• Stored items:
--- START ---

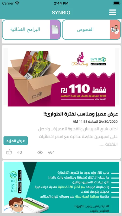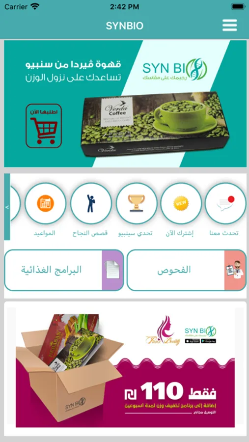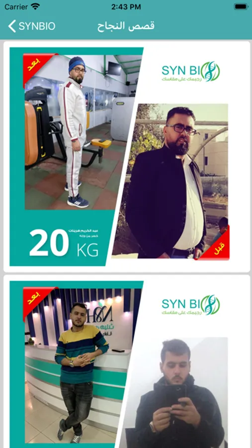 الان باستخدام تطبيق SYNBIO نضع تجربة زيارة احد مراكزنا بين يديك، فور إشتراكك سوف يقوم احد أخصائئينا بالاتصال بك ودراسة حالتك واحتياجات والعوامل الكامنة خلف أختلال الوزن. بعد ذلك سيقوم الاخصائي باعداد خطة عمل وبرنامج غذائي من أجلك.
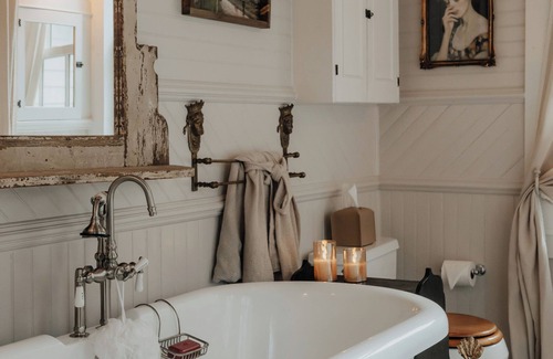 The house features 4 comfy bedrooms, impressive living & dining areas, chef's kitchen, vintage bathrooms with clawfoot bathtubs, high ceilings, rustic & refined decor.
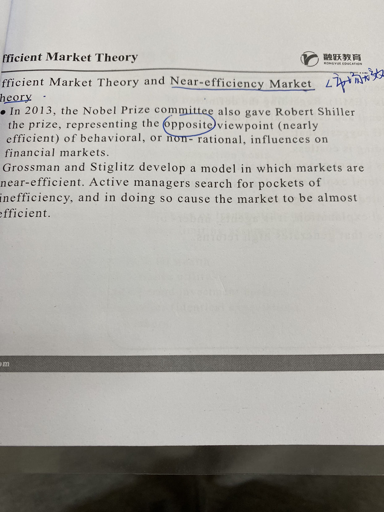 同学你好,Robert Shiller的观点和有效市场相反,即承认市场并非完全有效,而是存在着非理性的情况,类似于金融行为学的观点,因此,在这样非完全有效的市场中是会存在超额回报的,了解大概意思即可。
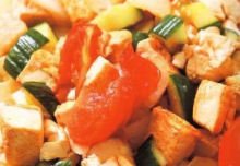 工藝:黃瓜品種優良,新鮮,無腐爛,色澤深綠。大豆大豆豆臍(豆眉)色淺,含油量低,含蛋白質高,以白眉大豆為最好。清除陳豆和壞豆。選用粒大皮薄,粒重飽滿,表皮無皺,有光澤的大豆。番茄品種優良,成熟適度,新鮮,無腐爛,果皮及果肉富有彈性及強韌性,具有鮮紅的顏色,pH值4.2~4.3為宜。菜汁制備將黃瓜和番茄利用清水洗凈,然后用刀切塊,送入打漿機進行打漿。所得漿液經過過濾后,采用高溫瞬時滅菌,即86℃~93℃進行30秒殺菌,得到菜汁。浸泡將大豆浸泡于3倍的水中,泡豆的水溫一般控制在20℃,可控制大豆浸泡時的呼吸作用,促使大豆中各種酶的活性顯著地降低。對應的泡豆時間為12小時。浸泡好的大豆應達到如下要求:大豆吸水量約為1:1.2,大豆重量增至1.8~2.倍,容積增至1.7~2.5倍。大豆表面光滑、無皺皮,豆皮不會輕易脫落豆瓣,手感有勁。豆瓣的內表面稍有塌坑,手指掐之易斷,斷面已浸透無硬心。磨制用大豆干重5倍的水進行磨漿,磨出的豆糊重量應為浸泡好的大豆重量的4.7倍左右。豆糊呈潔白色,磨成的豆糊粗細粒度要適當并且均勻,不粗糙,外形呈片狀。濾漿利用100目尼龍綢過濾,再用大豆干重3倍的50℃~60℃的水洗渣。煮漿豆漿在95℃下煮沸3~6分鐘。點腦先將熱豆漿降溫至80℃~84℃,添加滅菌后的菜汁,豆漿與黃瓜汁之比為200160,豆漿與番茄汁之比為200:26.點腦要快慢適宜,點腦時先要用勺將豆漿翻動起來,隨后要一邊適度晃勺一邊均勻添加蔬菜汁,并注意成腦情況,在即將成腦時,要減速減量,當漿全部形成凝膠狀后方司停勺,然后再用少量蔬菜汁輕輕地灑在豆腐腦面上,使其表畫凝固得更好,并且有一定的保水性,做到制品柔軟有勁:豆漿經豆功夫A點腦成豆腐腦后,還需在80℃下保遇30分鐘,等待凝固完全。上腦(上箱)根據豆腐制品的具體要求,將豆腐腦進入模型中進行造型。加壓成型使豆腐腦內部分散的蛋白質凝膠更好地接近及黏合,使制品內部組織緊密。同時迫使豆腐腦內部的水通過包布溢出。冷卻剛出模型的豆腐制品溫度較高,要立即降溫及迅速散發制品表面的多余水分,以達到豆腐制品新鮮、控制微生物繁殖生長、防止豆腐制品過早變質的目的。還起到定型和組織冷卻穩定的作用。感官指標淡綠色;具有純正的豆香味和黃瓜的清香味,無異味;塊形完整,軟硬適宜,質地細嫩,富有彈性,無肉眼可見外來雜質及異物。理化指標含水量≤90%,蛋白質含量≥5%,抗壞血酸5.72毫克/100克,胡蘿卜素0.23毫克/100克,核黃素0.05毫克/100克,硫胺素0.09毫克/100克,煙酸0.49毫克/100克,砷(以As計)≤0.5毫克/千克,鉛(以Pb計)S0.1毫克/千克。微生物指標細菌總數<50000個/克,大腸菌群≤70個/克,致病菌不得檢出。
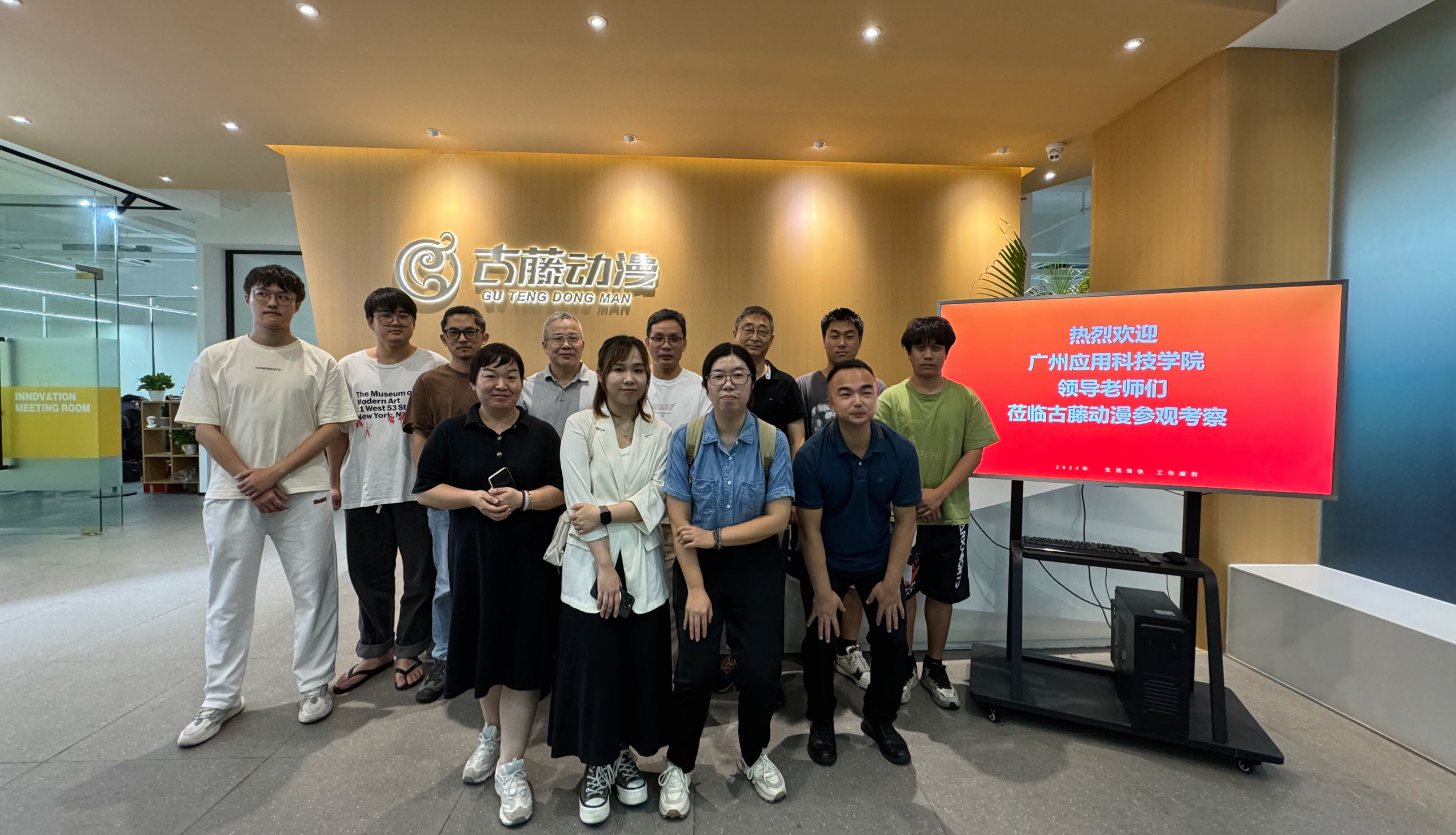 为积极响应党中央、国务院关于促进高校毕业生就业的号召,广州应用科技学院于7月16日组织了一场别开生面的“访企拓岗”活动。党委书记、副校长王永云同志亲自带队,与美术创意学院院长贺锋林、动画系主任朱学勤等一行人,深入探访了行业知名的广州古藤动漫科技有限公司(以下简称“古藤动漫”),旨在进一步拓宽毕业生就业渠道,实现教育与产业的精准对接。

--- END ---

• REQUIRED ACTION: Make an exact copy of only those lines that run from the line with "同学你好,Robert Sh" through the end of the records, excluding pictures.

• EXERCISE OUTPUT:
 同学你好,Robert Shiller的观点和有效市场相反,即承认市场并非完全有效,而是存在着非理性的情况,类似于金融行为学的观点,因此,在这样非完全有效的市场中是会存在超额回报的,了解大概意思即可。
 工藝:黃瓜品種優良,新鮮,無腐爛,色澤深綠。大豆大豆豆臍(豆眉)色淺,含油量低,含蛋白質高,以白眉大豆為最好。清除陳豆和壞豆。選用粒大皮薄,粒重飽滿,表皮無皺,有光澤的大豆。番茄品種優良,成熟適度,新鮮,無腐爛,果皮及果肉富有彈性及強韌性,具有鮮紅的顏色,pH值4.2~4.3為宜。菜汁制備將黃瓜和番茄利用清水洗凈,然后用刀切塊,送入打漿機進行打漿。所得漿液經過過濾后,采用高溫瞬時滅菌,即86℃~93℃進行30秒殺菌,得到菜汁。浸泡將大豆浸泡于3倍的水中,泡豆的水溫一般控制在20℃,可控制大豆浸泡時的呼吸作用,促使大豆中各種酶的活性顯著地降低。對應的泡豆時間為12小時。浸泡好的大豆應達到如下要求:大豆吸水量約為1:1.2,大豆重量增至1.8~2.倍,容積增至1.7~2.5倍。大豆表面光滑、無皺皮,豆皮不會輕易脫落豆瓣,手感有勁。豆瓣的內表面稍有塌坑,手指掐之易斷,斷面已浸透無硬心。磨制用大豆干重5倍的水進行磨漿,磨出的豆糊重量應為浸泡好的大豆重量的4.7倍左右。豆糊呈潔白色,磨成的豆糊粗細粒度要適當并且均勻,不粗糙,外形呈片狀。濾漿利用100目尼龍綢過濾,再用大豆干重3倍的50℃~60℃的水洗渣。煮漿豆漿在95℃下煮沸3~6分鐘。點腦先將熱豆漿降溫至80℃~84℃,添加滅菌后的菜汁,豆漿與黃瓜汁之比為200160,豆漿與番茄汁之比為200:26.點腦要快慢適宜,點腦時先要用勺將豆漿翻動起來,隨后要一邊適度晃勺一邊均勻添加蔬菜汁,并注意成腦情況,在即將成腦時,要減速減量,當漿全部形成凝膠狀后方司停勺,然后再用少量蔬菜汁輕輕地灑在豆腐腦面上,使其表畫凝固得更好,并且有一定的保水性,做到制品柔軟有勁:豆漿經豆功夫A點腦成豆腐腦后,還需在80℃下保遇30分鐘,等待凝固完全。上腦(上箱)根據豆腐制品的具體要求,將豆腐腦進入模型中進行造型。加壓成型使豆腐腦內部分散的蛋白質凝膠更好地接近及黏合,使制品內部組織緊密。同時迫使豆腐腦內部的水通過包布溢出。冷卻剛出模型的豆腐制品溫度較高,要立即降溫及迅速散發制品表面的多余水分,以達到豆腐制品新鮮、控制微生物繁殖生長、防止豆腐制品過早變質的目的。還起到定型和組織冷卻穩定的作用。感官指標淡綠色;具有純正的豆香味和黃瓜的清香味,無異味;塊形完整,軟硬適宜,質地細嫩,富有彈性,無肉眼可見外來雜質及異物。理化指標含水量≤90%,蛋白質含量≥5%,抗壞血酸5.72毫克/100克,胡蘿卜素0.23毫克/100克,核黃素0.05毫克/100克,硫胺素0.09毫克/100克,煙酸0.49毫克/100克,砷(以As計)≤0.5毫克/千克,鉛(以Pb計)S0.1毫克/千克。微生物指標細菌總數<50000個/克,大腸菌群≤70個/克,致病菌不得檢出。
 为积极响应党中央、国务院关于促进高校毕业生就业的号召,广州应用科技学院于7月16日组织了一场别开生面的“访企拓岗”活动。党委书记、副校长王永云同志亲自带队,与美术创意学院院长贺锋林、动画系主任朱学勤等一行人,深入探访了行业知名的广州古藤动漫科技有限公司(以下简称“古藤动漫”),旨在进一步拓宽毕业生就业渠道,实现教育与产业的精准对接。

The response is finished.